To do »
Start to finish, return the listing below exactly, pictures excluded.

Collected material »

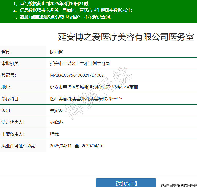 省份:陜西省審批機(jī)關(guān):延安市寶塔區(qū)衛(wèi)生和計(jì)劃生育局登記號(hào):MAB3C05Y561060217D4002地址:延安市寶塔區(qū)新城街道辦鉑悅府4號(hào)樓4-4A商鋪診療科目:醫(yī)療美容科;美容外科;美容皮膚科******級(jí)別:未定級(jí)法定代表人:林曉杰主要負(fù)責(zé)人:師茸執(zhí)業(yè)許可證有效期:2025/04/11 -至- 2030/04/10 -
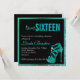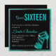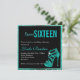 Doce dezesseis convite com salto alto de vidro em aqua falso glittery em um fundo preto com uma estrutura aqua parecendo divertida, mas elegante. Personalize este convite com seu nome e surpreenda seus amigos e sua família com este convite único e generoso. Deixe sua festa ser um sucesso a partir dos convites. Também existem selos de etiquetas de autocolantes disponíveis na nossa loja.
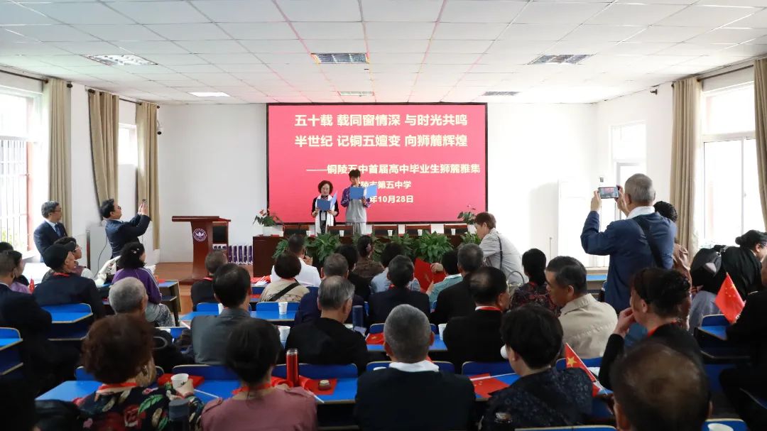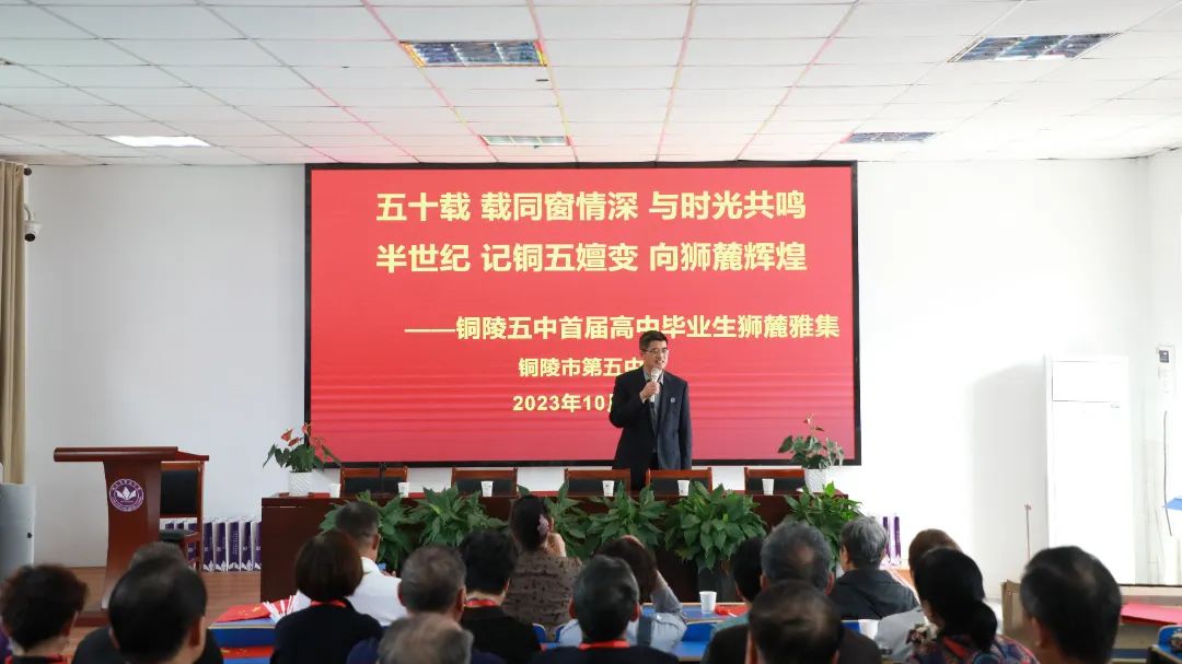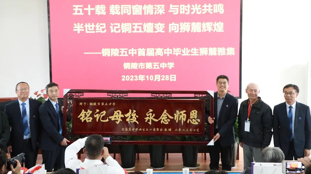 拳拳學子心,濃濃母校情。懷著對母校的無限深情,10月28日,銅陵五中首屆校友從各地返校團聚,重溫學生時代的青春記憶,同敘跨越山海、跨越半個世紀的同窗情誼,共同見證母校從無到有、從有到優(yōu)、從優(yōu)到精的蝶變躍升。銅陵五中黨總支書記、校長張尤俊,黨總支委員、副校長汪鶴來,黨總支委員、工會主席瞿大寨等熱情接待了銅陵五中首屆高中畢業(yè)生。

Answer to this problem »
 省份:陜西省審批機(jī)關(guān):延安市寶塔區(qū)衛(wèi)生和計(jì)劃生育局登記號(hào):MAB3C05Y561060217D4002地址:延安市寶塔區(qū)新城街道辦鉑悅府4號(hào)樓4-4A商鋪診療科目:醫(yī)療美容科;美容外科;美容皮膚科******級(jí)別:未定級(jí)法定代表人:林曉杰主要負(fù)責(zé)人:師茸執(zhí)業(yè)許可證有效期:2025/04/11 -至- 2030/04/10 -
 Doce dezesseis convite com salto alto de vidro em aqua falso glittery em um fundo preto com uma estrutura aqua parecendo divertida, mas elegante. Personalize este convite com seu nome e surpreenda seus amigos e sua família com este convite único e generoso. Deixe sua festa ser um sucesso a partir dos convites. Também existem selos de etiquetas de autocolantes disponíveis na nossa loja.
 拳拳學子心,濃濃母校情。懷著對母校的無限深情,10月28日,銅陵五中首屆校友從各地返校團聚,重溫學生時代的青春記憶,同敘跨越山海、跨越半個世紀的同窗情誼,共同見證母校從無到有、從有到優(yōu)、從優(yōu)到精的蝶變躍升。銅陵五中黨總支書記、校長張尤俊,黨總支委員、副校長汪鶴來,黨總支委員、工會主席瞿大寨等熱情接待了銅陵五中首屆高中畢業(yè)生。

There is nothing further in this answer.